Google’s artificial intelligence DeepMind, became famous by beating the South Korean, professional GO player Lee Sedol.
Lee Sedol played a historic five game match against Google DeepMind’s AlphaGo computer program in March 2016. AlphaGo won the match and became the world’s very first computer which had defeated a world class human player on GO.
After achieving the impossible, DeepMind now has a very different challenge to focus on; Social Dilemmas.
The Artificial Intelligence (AI) department of Google developed and used new theoretic game scenarios to see if AI can learn to work together for a mutual benefit or not.
As DeepMind team states in a blog post, one of the most famous “games” for such social experiments is Prisoner’s Dilemma.

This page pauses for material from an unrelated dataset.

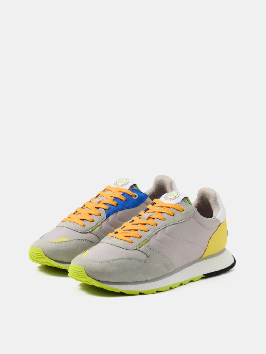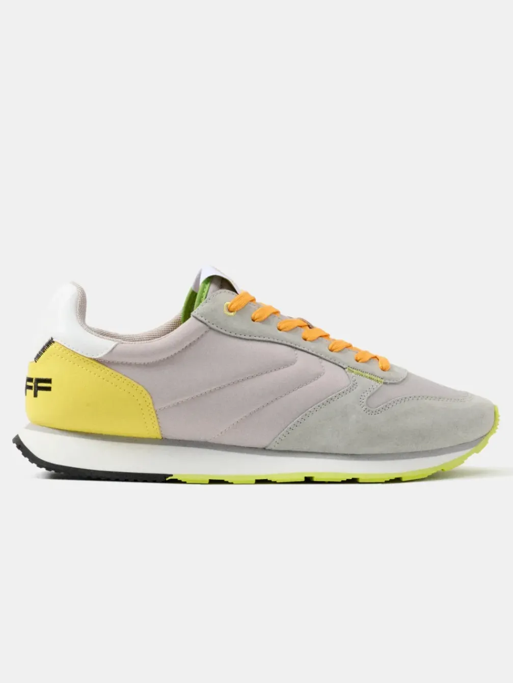 Retro- En Vintage-Stijl Staan Synoniem Voor Antium, Een Samensmelting Van Klassieke En Moderne Elementen In Een Asgrijs Nylon Ontwerp Met Glanzende Asymmetrische Details In Contrasterend Kleinblauw Suède En Fluorescerend Limoengroen. Perfect Om Overal Op Te Vallen En Een Exclusief Tintje Aan Je Look Toe Te Voegen. De Zool, Met Een Wafelachtig Patroon In Groene En Zwarte Tinten, Vergezeld Van Het Reliëflogo En Het Bijpassende Rubberen Detail Bij De Neus, Biedt Een Unieke Finishing Touch. Hun Lichtgewicht En Comfort Zijn Gegarandeerd Dankzij De Binnenzool Van Traagschuim. De Levendige Oranje Veters Maken Ze De Perfecte Keuze Om Een Outfit Naar Een Hoger Niveau Te Tillen En Stijlvol Door Je Favoriete Cafés Te Wandelen.

The prisoner’s dilemma is a standard example of a game analyzed in game theory that shows why two completely “rational” individuals might not cooperate, even if it appears that it is in their best interests to do so. It’s just a long way of saying people(intelligence) don’t like to be taken advantage of. ¹ ² ³
Of course, the DeepMind team found two new games that imitate this “compete or co-operate” dilemma closely, instead of putting two computers in jail.
The first game DeepMind team has tested this concept is called “Gathering”. Two agents in the game, represented as Red and Blue pixels, shared a world together with a mission of collecting as much as apples(green pixels) to get rewarded. While the apples were getting diminished, each AI could temporarily disable the other one by simply “tagging” it and gain more time to collect more apples. Here, watch the video that they’ve played thousands of times together;
When there are enough apples in the game for both parts, the agents learn to peacefully coexist and collect as many apples as they can together. However, as the number of apples gets diminished, the agents naturally learn that they should probably stop the other one by tagging it and earn more time to collect even more apples.
The second game “Wolfpack” puts two AI into 2v1 hunter (red pixel) and prey(singular blue pixel) situations.
In this case, the hunter gains points every time it catches the prey and gets rewarded, but the point it earns gets increased if the other teammate hunter is near.
After playing many games in both competitor and co-worker situations, DeepMind’s researchers examined each AI’s decisions. As you can see in the graphic below, greater scarcity in the game leads to more “tagging” behavior of agents and increases their aggressiveness level.
DeepMind researchers in the experiment say these results help us to understand and control better the complex multi-agent systems such as the economy, traffic systems, or the overall ecological health of our planet.